> _Try it_: Copy out the lines beginning at the one with "Taking this a" and ending at the last line of the data, both included; pictures stay out.

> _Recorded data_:
:::

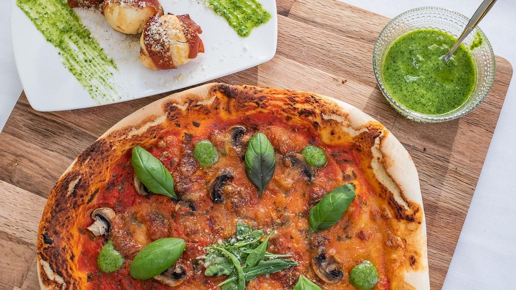 POHJA: Sekoita jauhat ja n. ¾ osaa vedestä. Liuota suola loppuun veteen ja lisää taikinaan. Lisää lopuksi öljy. Vaivaa taikinaa vähintään 10 minuuttia. Nosta vaivattu taikina kevyesti öljyttyyn kulhoon. Sulje kelmulla. Kohota taikinaa huoneenlämmössä mielellään useampi tunti.
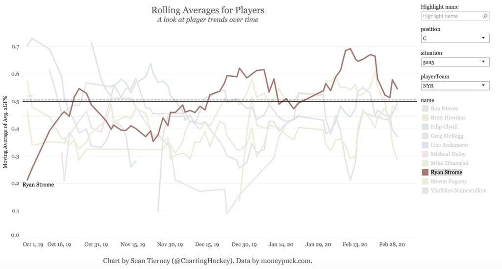 Taking this a little deeper and looking at his rolling xGF%, we see that Strome was still an overall positive impact on the ice.
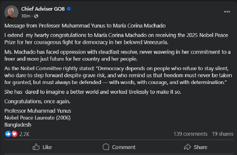 মাচাদোর সাহসী নেতৃত্ব এবং গণতন্ত্র প্রতিষ্ঠার লড়াইকে বিশেষভাবে প্রশংসা করেছেন ড. ইউনূস। বার্তায় উল্লেখ করা হয়, ‘মাচাদো কঠোর দমন সত্ত্বেও দেশ ও জনগণের জন্য একটি মুক্ত ও ন্যায়সঙ্গত ভবিষ্যতের জন্য অবিচল প্রতিজ্ঞার সঙ্গে লড়াই করেছেন।
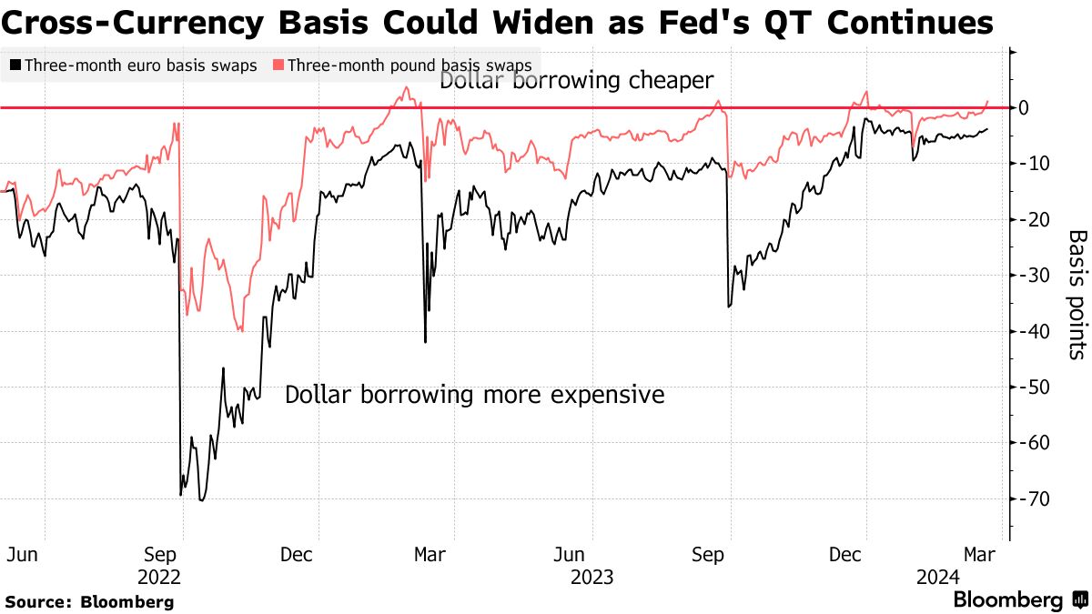 除了美国本土的工具,外汇掉期市场可能会受到美联储资产负债表缩减的影响。与欧元和英镑相关的跨货币基差掉期可能会扩大,因为美国的储备余额预计将比欧洲中央银行和英格兰银行的超额流动性下降得更快。
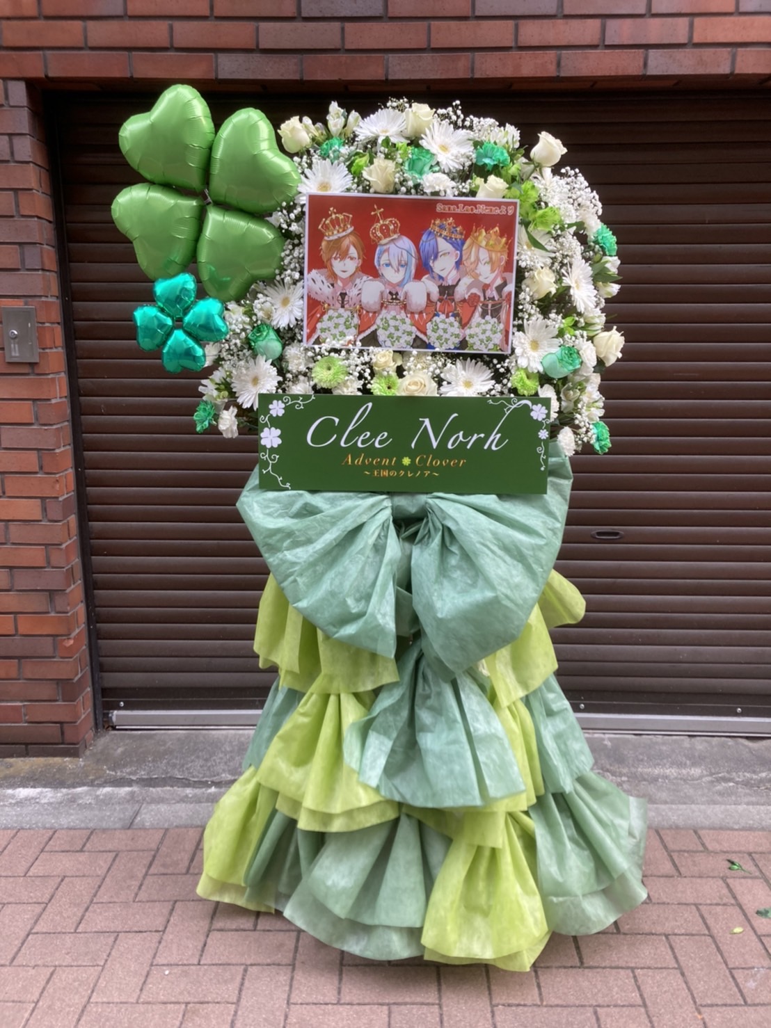 クレノア2ndワンマンライブへ贈られた、緑と白が基調のフラスタ。四つ葉のクローバーバルーンや豪華な生花、ライムグリーンのフリルで、可愛らしく華やかな雰囲気を演出しています。
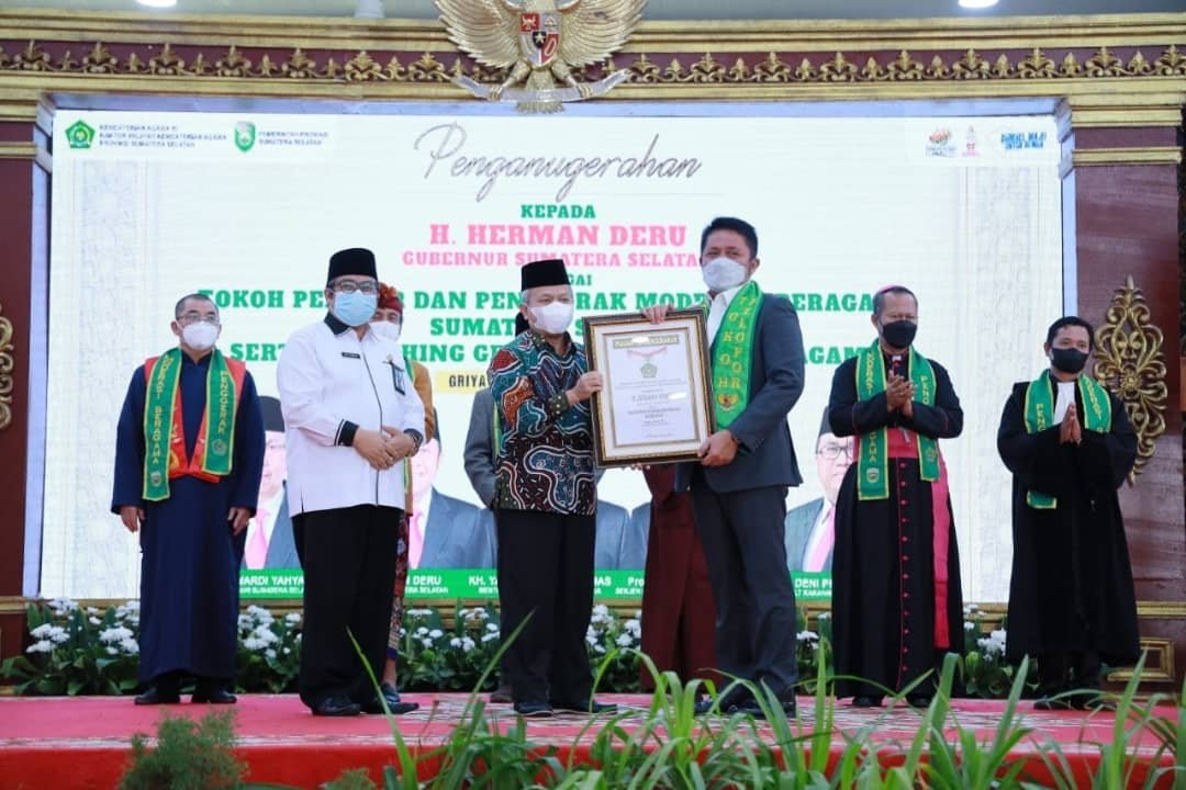 “Kita sebelum memberikan penganugeraan ini kami mengumpulkan para mejelis-majelis agama dan kita telah sepakat bahwa penganugerahan itu sangat layak di berikan kepada Gubernur Herman Deru,” ucapnya.

:::

> _Answer space_:
 Taking this a little deeper and looking at his rolling xGF%, we see that Strome was still an overall positive impact on the ice.
 মাচাদোর সাহসী নেতৃত্ব এবং গণতন্ত্র প্রতিষ্ঠার লড়াইকে বিশেষভাবে প্রশংসা করেছেন ড. ইউনূস। বার্তায় উল্লেখ করা হয়, ‘মাচাদো কঠোর দমন সত্ত্বেও দেশ ও জনগণের জন্য একটি মুক্ত ও ন্যায়সঙ্গত ভবিষ্যতের জন্য অবিচল প্রতিজ্ঞার সঙ্গে লড়াই করেছেন।
 除了美国本土的工具,外汇掉期市场可能会受到美联储资产负债表缩减的影响。与欧元和英镑相关的跨货币基差掉期可能会扩大,因为美国的储备余额预计将比欧洲中央银行和英格兰银行的超额流动性下降得更快。
 クレノア2ndワンマンライブへ贈られた、緑と白が基調のフラスタ。四つ葉のクローバーバルーンや豪華な生花、ライムグリーンのフリルで、可愛らしく華やかな雰囲気を演出しています。
 “Kita sebelum memberikan penganugeraan ini kami mengumpulkan para mejelis-majelis agama dan kita telah sepakat bahwa penganugerahan itu sangat layak di berikan kepada Gubernur Herman Deru,” ucapnya.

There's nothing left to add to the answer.